Seven of the first 10 picks - and 11 of the first 15 - were pitchers.

"To be able to create a winning organization, you have to build a strong pitching system, and I think that's what they're looking for right now," Rosario said.

The Cubs took pitchers in the fourth, fifth and sixth rounds, and all three of have joined the Hawks in the past week. Tyler Skulina, Trey Masek and Scott Frazier come from varied backgrounds, but they have a singular goal.

"Everyone's goal is to make it to Chicago," Masek said. "I think everyone on the team, especially me, Tyler and Scott, in particular … there's a little friendly competition to push each other and make each other better."

Each has already seen limited action, and none allowed an earned run.

"It's definitely three good arms to have," Rosario said.

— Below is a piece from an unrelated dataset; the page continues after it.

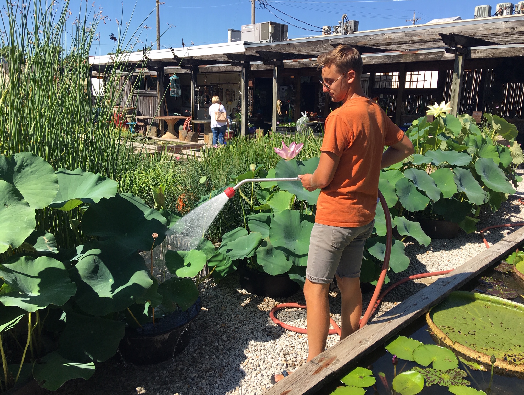 Water’s Edge employee Jon Lelek waters plants on Tuesday, July 23, 2019, at the store.

Here's quick introduction to the three new pitchers.

Tyler Skulina

The 6-foot-6 power pitcher was drafted in the fourth round out of Kent State, where he went 6-4 with a 3.36 ERA and helped the Golden Flashes make it to the College World Series for the first time.

"I'm definitely excited," Skulina said. "I'm ready to take that next step."

Rosario thinks so, too.

"He has great stuff and a fluid delivery," Rosario said. "He's got a really sharp breaking ball. The way he's handled himself, he's a true professional already."

All three newcomers started in college, but they'll be brought along slowly with the Hawks. They'll see one or two innings of relief at first and then add more work as the summer progresses.

"It's a little different, a change of pace coming out of the bullpen," Skulina said. "I haven't done that in two or three years. After that one inning, you're expecting to go out again and again."

When he's out there, though, he'll be bringing the heat.

"When I threw a couple of days ago, it got up to 96 (mph)," Skulina said. "My fastball's usually anywhere from 90 to 95."

Trey Masek

The 6-foot-1 right-hander was a fifth-round pick from Texas Tech.

"He has a heavy fastball that can go 92, 93 right now," Rosario said. "And he has some funkiness to his delivery that can make it tough to see for hitters."

Skulina went 5-2 with a 1.82 ERA for the Red Raiders this season as a junior while striking out a team-high 69 batters in 79 innings. Perhaps most notably, he didn't allow a home run in more than 132 innings, dating back to his freshman season.

Does he remember the last time he did give up a long ball?

"Like it was yesterday," he said. "It was to (Oklahoma's) Cam Seitzer, in the Big 12 Tournament in 2011."

Masek said the streak didn't happen by accident.

"I think it's a testament to the hard work I've put in to get more ground balls," Masek said. "It's me evolving as a pitcher."

Masek is realistic about the longevity of his streak, however.

"I know it's going to (end) eventually," he said. "These hitters are too good to never give up a home run."

Scott Frazier

The California native was selected in the sixth round out of Pepperdine.

Rosario describes him as "big, strong, healthy kid," and Frazier will definitely be hard to miss on the mound.

Listed at 6-foot-7, Frazier went 5-5 with a 4.06 in his junior season with the Waves. He had a team-high 83 strikeouts in 88.2 innings, and allowed just nine extra-base hits.

And he saved his best for last: He went 2-0 with a 1.29 ERA and 24 strikeouts in his final three starts (21 innings).

"I definitely figured some stuff out by the end of the year," Frazier said. "I was just attracting the zone and getting ahead of batters. I was just being aggressive."

He hopes that success at the end of his college career continues with the Hawks.

Dust Devils 7, Hawks 5

The Hawks put runners at first and second with one out, but there were no ninth-inning fireworks Thursday at Memorial Stadium. As a result, Tri-City defeated Boise 7-5 in front of a standing-room-only crowd of 3,766.

Tri-City (7-14) jumped out to 5-1 lead in the top of the fifth, but Boise (11-10) scratched out three runs in the bottom of the inning to get within one run, and then tied it up in the seventh.

Tri-City regained the lead in the top of the eighth after Dust Devils center fielder Marcos Derkes hit a two-run double. Boise, which has six comeback wins this season, was unable to come up with its seventh.

Shortstop Carlos Penalver went 1-for-4 with two RBIs for the Hawks, and Shawon Dunston Jr. and Jacob Rogers each drove in a run.